- **Your goal**:
From top to bottom, each entry below must be reproduced exactly.

◇ ◇ ◇

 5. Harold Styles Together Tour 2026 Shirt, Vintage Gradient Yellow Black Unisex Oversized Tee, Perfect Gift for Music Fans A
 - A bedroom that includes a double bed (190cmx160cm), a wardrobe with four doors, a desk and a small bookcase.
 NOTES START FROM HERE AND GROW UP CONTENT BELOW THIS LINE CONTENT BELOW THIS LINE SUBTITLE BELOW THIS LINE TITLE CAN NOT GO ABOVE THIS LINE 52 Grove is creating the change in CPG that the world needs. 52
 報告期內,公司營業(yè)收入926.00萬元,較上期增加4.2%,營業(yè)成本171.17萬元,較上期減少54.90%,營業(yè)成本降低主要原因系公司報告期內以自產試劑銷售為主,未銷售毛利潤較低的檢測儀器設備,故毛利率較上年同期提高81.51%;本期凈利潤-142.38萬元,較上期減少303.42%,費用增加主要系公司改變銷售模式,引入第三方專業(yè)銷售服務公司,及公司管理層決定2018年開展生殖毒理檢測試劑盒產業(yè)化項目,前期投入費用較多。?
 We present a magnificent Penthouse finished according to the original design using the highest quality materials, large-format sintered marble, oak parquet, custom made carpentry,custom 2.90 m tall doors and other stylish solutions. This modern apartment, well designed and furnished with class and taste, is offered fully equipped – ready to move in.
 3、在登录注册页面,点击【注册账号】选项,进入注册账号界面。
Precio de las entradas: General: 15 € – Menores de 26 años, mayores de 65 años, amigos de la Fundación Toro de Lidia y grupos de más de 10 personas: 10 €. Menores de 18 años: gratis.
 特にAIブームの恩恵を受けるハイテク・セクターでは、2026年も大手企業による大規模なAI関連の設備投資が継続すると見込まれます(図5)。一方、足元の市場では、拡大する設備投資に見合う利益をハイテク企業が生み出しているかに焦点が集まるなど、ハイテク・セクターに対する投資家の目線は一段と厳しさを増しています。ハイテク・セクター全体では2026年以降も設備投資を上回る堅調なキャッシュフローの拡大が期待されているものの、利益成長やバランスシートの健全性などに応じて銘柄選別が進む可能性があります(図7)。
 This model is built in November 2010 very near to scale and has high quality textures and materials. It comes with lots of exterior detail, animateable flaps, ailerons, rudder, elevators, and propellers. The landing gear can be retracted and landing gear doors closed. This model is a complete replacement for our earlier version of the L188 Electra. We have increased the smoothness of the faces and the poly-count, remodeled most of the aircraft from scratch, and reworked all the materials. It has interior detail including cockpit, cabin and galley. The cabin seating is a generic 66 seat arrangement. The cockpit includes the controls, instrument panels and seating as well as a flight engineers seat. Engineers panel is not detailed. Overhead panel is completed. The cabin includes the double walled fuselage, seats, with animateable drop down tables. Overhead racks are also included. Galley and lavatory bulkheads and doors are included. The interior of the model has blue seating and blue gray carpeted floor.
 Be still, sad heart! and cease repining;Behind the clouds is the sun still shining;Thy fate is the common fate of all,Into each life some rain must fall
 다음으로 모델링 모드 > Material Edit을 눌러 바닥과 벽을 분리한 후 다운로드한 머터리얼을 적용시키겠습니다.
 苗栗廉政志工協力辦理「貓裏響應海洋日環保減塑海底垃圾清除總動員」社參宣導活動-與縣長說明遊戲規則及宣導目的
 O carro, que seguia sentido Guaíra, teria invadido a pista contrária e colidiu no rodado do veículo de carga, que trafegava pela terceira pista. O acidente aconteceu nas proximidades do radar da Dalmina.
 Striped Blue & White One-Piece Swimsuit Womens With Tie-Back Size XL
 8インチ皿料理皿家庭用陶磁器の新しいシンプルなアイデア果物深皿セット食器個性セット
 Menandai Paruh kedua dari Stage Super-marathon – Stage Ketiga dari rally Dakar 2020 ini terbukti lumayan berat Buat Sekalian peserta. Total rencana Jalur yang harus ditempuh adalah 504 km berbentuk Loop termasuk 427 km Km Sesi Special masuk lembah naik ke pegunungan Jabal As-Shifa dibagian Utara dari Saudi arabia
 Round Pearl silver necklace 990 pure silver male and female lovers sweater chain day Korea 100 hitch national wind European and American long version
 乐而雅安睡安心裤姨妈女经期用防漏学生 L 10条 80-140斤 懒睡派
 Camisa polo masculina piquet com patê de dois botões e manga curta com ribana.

◇ ◇ ◇

- **Result**:
 5. Harold Styles Together Tour 2026 Shirt, Vintage Gradient Yellow Black Unisex Oversized Tee, Perfect Gift for Music Fans A
 - A bedroom that includes a double bed (190cmx160cm), a wardrobe with four doors, a desk and a small bookcase.
 NOTES START FROM HERE AND GROW UP CONTENT BELOW THIS LINE CONTENT BELOW THIS LINE SUBTITLE BELOW THIS LINE TITLE CAN NOT GO ABOVE THIS LINE 52 Grove is creating the change in CPG that the world needs. 52
 報告期內,公司營業(yè)收入926.00萬元,較上期增加4.2%,營業(yè)成本171.17萬元,較上期減少54.90%,營業(yè)成本降低主要原因系公司報告期內以自產試劑銷售為主,未銷售毛利潤較低的檢測儀器設備,故毛利率較上年同期提高81.51%;本期凈利潤-142.38萬元,較上期減少303.42%,費用增加主要系公司改變銷售模式,引入第三方專業(yè)銷售服務公司,及公司管理層決定2018年開展生殖毒理檢測試劑盒產業(yè)化項目,前期投入費用較多。?
 We present a magnificent Penthouse finished according to the original design using the highest quality materials, large-format sintered marble, oak parquet, custom made carpentry,custom 2.90 m tall doors and other stylish solutions. This modern apartment, well designed and furnished with class and taste, is offered fully equipped – ready to move in.
 3、在登录注册页面,点击【注册账号】选项,进入注册账号界面。
Precio de las entradas: General: 15 € – Menores de 26 años, mayores de 65 años, amigos de la Fundación Toro de Lidia y grupos de más de 10 personas: 10 €. Menores de 18 años: gratis.
 特にAIブームの恩恵を受けるハイテク・セクターでは、2026年も大手企業による大規模なAI関連の設備投資が継続すると見込まれます(図5)。一方、足元の市場では、拡大する設備投資に見合う利益をハイテク企業が生み出しているかに焦点が集まるなど、ハイテク・セクターに対する投資家の目線は一段と厳しさを増しています。ハイテク・セクター全体では2026年以降も設備投資を上回る堅調なキャッシュフローの拡大が期待されているものの、利益成長やバランスシートの健全性などに応じて銘柄選別が進む可能性があります(図7)。
 This model is built in November 2010 very near to scale and has high quality textures and materials. It comes with lots of exterior detail, animateable flaps, ailerons, rudder, elevators, and propellers. The landing gear can be retracted and landing gear doors closed. This model is a complete replacement for our earlier version of the L188 Electra. We have increased the smoothness of the faces and the poly-count, remodeled most of the aircraft from scratch, and reworked all the materials. It has interior detail including cockpit, cabin and galley. The cabin seating is a generic 66 seat arrangement. The cockpit includes the controls, instrument panels and seating as well as a flight engineers seat. Engineers panel is not detailed. Overhead panel is completed. The cabin includes the double walled fuselage, seats, with animateable drop down tables. Overhead racks are also included. Galley and lavatory bulkheads and doors are included. The interior of the model has blue seating and blue gray carpeted floor.
 Be still, sad heart! and cease repining;Behind the clouds is the sun still shining;Thy fate is the common fate of all,Into each life some rain must fall
 다음으로 모델링 모드 > Material Edit을 눌러 바닥과 벽을 분리한 후 다운로드한 머터리얼을 적용시키겠습니다.
 苗栗廉政志工協力辦理「貓裏響應海洋日環保減塑海底垃圾清除總動員」社參宣導活動-與縣長說明遊戲規則及宣導目的
 O carro, que seguia sentido Guaíra, teria invadido a pista contrária e colidiu no rodado do veículo de carga, que trafegava pela terceira pista. O acidente aconteceu nas proximidades do radar da Dalmina.
 Striped Blue & White One-Piece Swimsuit Womens With Tie-Back Size XL
 8インチ皿料理皿家庭用陶磁器の新しいシンプルなアイデア果物深皿セット食器個性セット
 Menandai Paruh kedua dari Stage Super-marathon – Stage Ketiga dari rally Dakar 2020 ini terbukti lumayan berat Buat Sekalian peserta. Total rencana Jalur yang harus ditempuh adalah 504 km berbentuk Loop termasuk 427 km Km Sesi Special masuk lembah naik ke pegunungan Jabal As-Shifa dibagian Utara dari Saudi arabia
 Round Pearl silver necklace 990 pure silver male and female lovers sweater chain day Korea 100 hitch national wind European and American long version
 乐而雅安睡安心裤姨妈女经期用防漏学生 L 10条 80-140斤 懒睡派
 Camisa polo masculina piquet com patê de dois botões e manga curta com ribana.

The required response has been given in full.